Le Parisien Mathieu Bastareaud tente d'échapper à Bertrand Guiry, le 18 septembre 2010 à Perpignan. — R.Roig / AFP

Tout le monde sait qu’un match de rugby dure 80 minutes. Tout le monde ou presque. Le début de saison du Stade Français laisse à penser que ce détail échappe aux joueurs de Michaël Cheika. A Perpignan, terre hostile par excellence pour l’équipe visiteuse, les Parisiens ont mené 21-12 à la 55e minute avant que l’arrière Jérôme Porical n’enfile son costume de sauveur, permettant aux Catalans de s’imposer sur le fil (22-21).

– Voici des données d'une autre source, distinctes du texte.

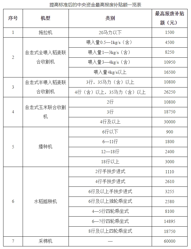 报废20马力以下拖拉机,单台最高报废补贴额由1000元提高到1500元;报废联合收割机、水稻插秧机、播种机并新购置同种类机具,按不超过50%提高报废补贴标准,单台最高报废补贴额不超过3万元;报废并更新购置采棉机,单台最高报废补贴额由3万元提高到6万元(详见附件)。除20马力以下拖拉机外,对只申请报废不新购置的,继续执行《通知》规定的报废补贴标准。对自《通知》印发之日起提交报废补贴申请的,按调整后的报废补贴标准执行,对已领取报废补贴的,补齐差额部分补贴。

 Après avoir inexplicablement craqué la semaine dernière face à Brive et frôlé la correctionnelle contre Castres lors de la 4e journée,  Paris laisse encore échapper une victoire pourtant à sa portée. De quoi énerver – un peu – le placide Michaël Cheika: «Une fois de plus on marque plus d'essais que notre adversaire mais on s'incline au finish. Je ne parlerai pas de l'arbitrage puisqu’en France on n'a pas le droit d'en parler». Le coach parisien ne digère toujours pas l’essai refusé par l’arbitre vidéo à Dimitri Szarzewski peu après la reprise.

Cheika: «Fier de mes joueurs»


Avec cette quatrième défaite en sept journées, Paris navigue à une modeste 9e place. Pourtant, l’heure n’est pas encore à tirer le signal d’alarme. Après le camouflet subi face à Brive, les coéquipiers de Sergio Parisse n’ont pas sombré. Mieux, ils ont longtemps dominé le récent finaliste du championnat de France. «Je suis déçu du résultat mais très fier de mes joueurs qui ont montré beaucoup d'envie et de solidarité malgré de nombreuses absences», cherche à positiver Cheika. 

Julien Dupuy (encore sorti sur blessure à l’heure de jeu) résume l’état d’esprit des troupes: «On a des regrets. On a de réelles occasions mais des décisions ne tournent pas en notre faveur et après on perd le fil du match.» Les Parisiens doivent perdre cette mauvaise habitude dès la semaine prochaine à Agen, sous peine de voir le bon wagon s’en aller en tête du classement.